Do you know that simplifying fractions can make working with them much easier? Let's break it down. Simplifying a fraction means reducing it to its simplest form by dividing the numerator and the denominator by their greatest common factor (GCF).
For example, in the original exercise, we have two fractions linked by subtraction:

• \(\frac{3y + 1}{4y + 4}\)
• \(\frac{2y + 7}{2y + 2}\)

Let's start with the first fraction, \(\frac{3y + 1}{4y + 4}\). We can simplify it by factoring the denominator: \(4y + 4\) becomes \(4(y + 1)\).

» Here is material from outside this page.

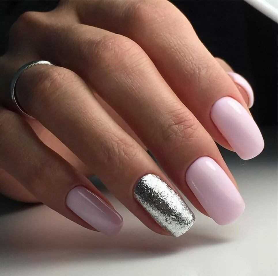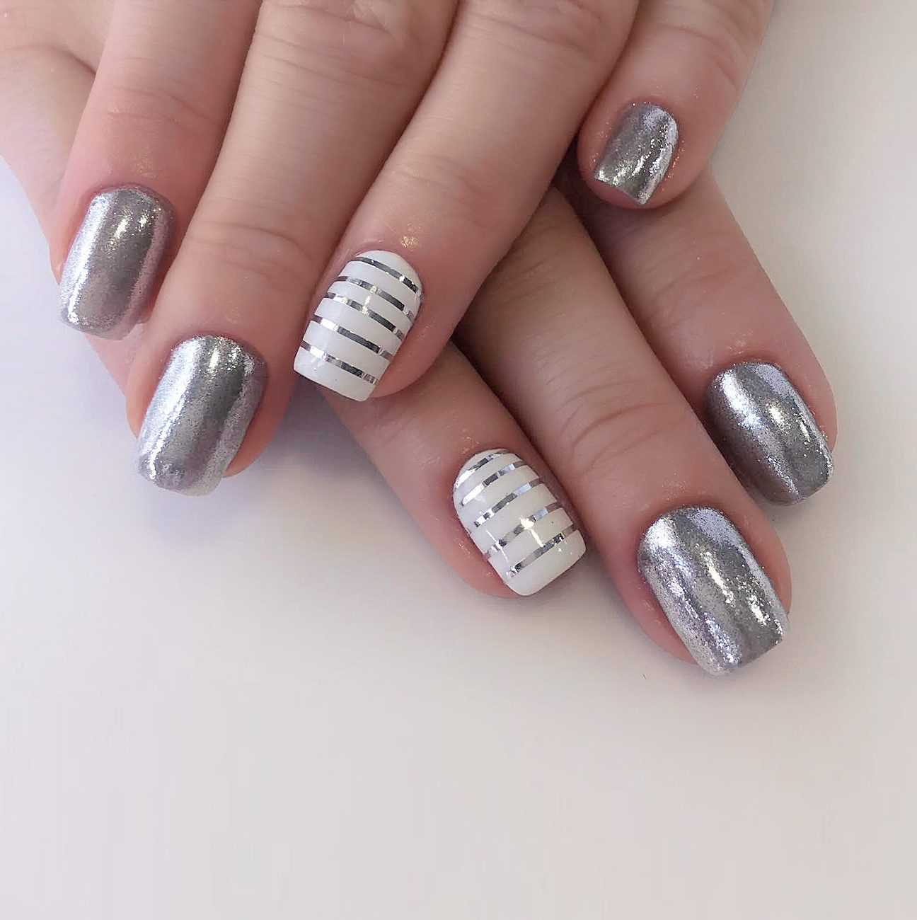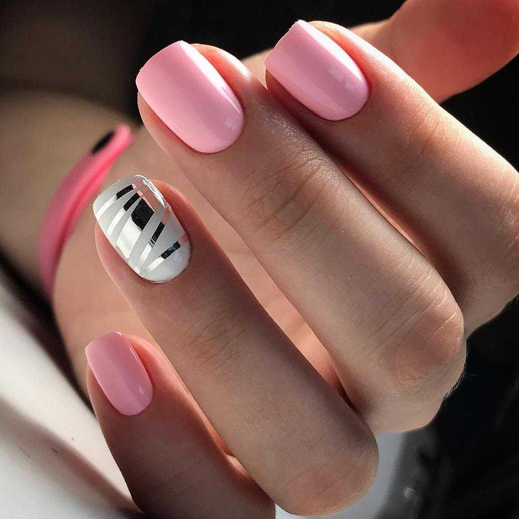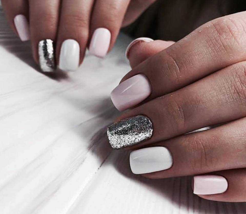 Не ограничивайтесь только однотонными нейл-артами. Добавьте в дизайн кружевной узор, выделите прикорневую зону. Используйте в качестве дополнения розовый цвет. Сочетание белого, розового и серебряного оттенков смотрится на ногтях благородно и очень сдержанно. Пример такого нейл-арта вы можете видеть на фото ниже.

Now see how there's no common factor to factor out with the numerator \(3y + 1\), so it stays the same.
Next, the second fraction \(\frac{2y + 7}{2y + 2}\) can be simplified by factoring the denominator too: \(2y + 2\) simplifies to \(2(y + 1)\). Again, there’s no simpler form for the numerator \(2y + 7\). Understanding this process of simplification sets the stage to handle these fractions confidently in your math journey.

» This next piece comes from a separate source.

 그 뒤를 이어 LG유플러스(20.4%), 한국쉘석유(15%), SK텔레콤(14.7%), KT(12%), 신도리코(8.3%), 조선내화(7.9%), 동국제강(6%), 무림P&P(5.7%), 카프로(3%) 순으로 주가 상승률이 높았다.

To subtract fractions, they need to have the same bottom number, or denominator. When the denominators are different, finding a common denominator is necessary. This will help us perform the subtraction easily.
Consider our simplified fractions:

• \(\frac{3y + 1}{4(y + 1)}\)
• \(\frac{2y + 7}{2(y + 1)}\)

To find a common denominator, we look for the least common multiple (LCM) of the denominators \(4(y + 1)\) and \(2(y + 1)\). It turns out, the LCM is \(4(y + 1)\) because it accounts for both denominators adequately.
Now, adjust each fraction to have this common denominator. The first fraction already has \(4(y + 1)\). The second one needs to be multiplied by 2 (its missing portion)value in both the top and bottom parts to equal \(\frac{4y + 14}{4(y + 1)}\). By setting equivalent denominators, subtraction becomes straightforward.

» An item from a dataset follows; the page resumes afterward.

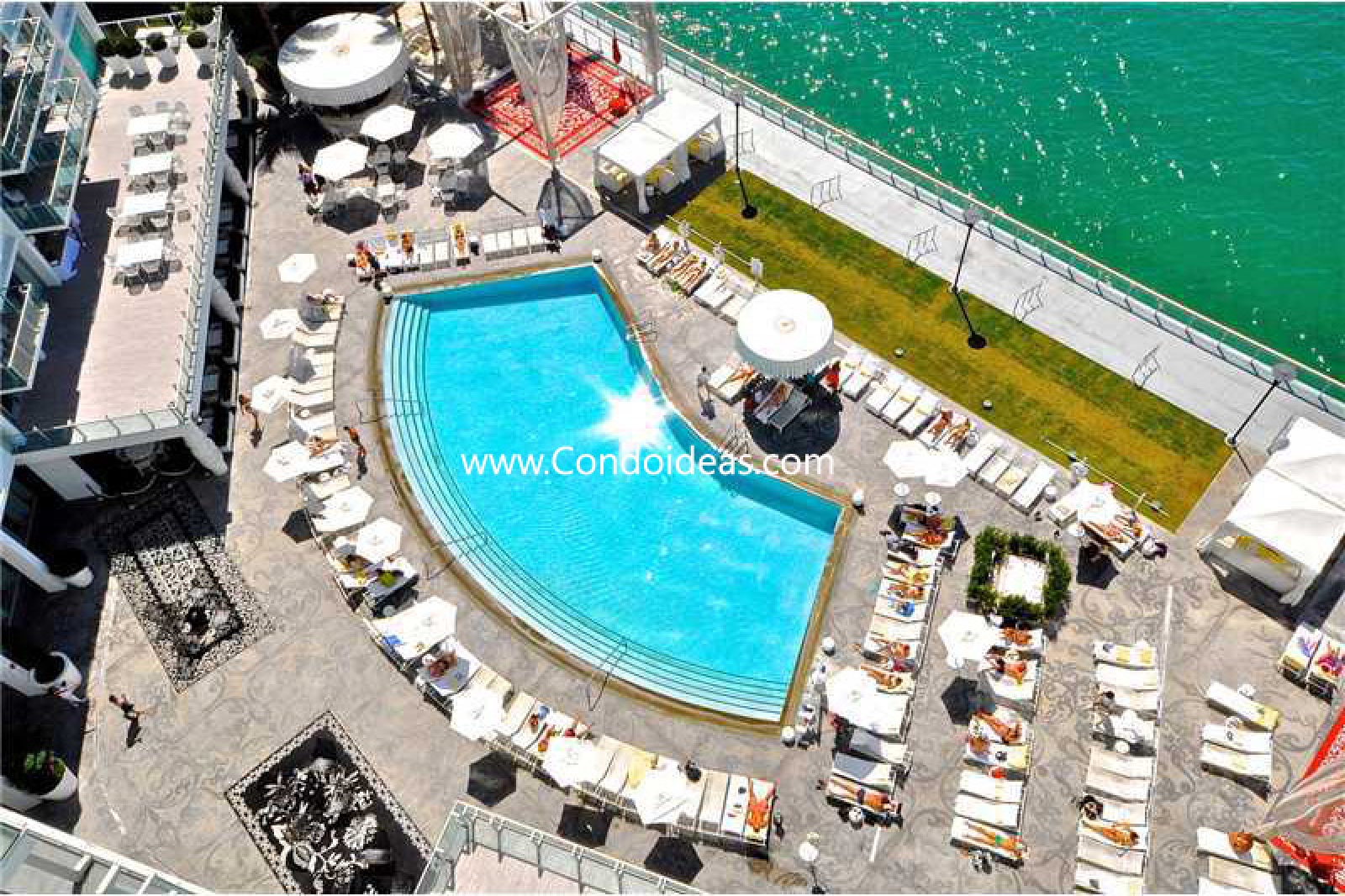 Custom-shaped swimming pool featuring Marcel Wanders' outdoor chandelier hanging overhead

Once both fractions have a common denominator, subtracting them becomes simple. You subtract only the numerators and keep the common denominator unchanged.
Given the expressions from our previous sections with a common denominator of \(4(y + 1)\):

• \(\frac{3y + 1}{4(y + 1)}\)
• \(\frac{4y + 14}{4(y + 1)}\)

Subtract the numerators: \((3y + 1) - (4y + 14)\). Simplify the result:

• Combine like terms to get: \(-y - 13\)

The final, simplified difference is \(\frac{-y - 13}{4(y + 1)}\).
By using a common denominator, you tackle the subtraction of fractions easily, avoiding common pitfalls and gaining confidence in handling these operations in math.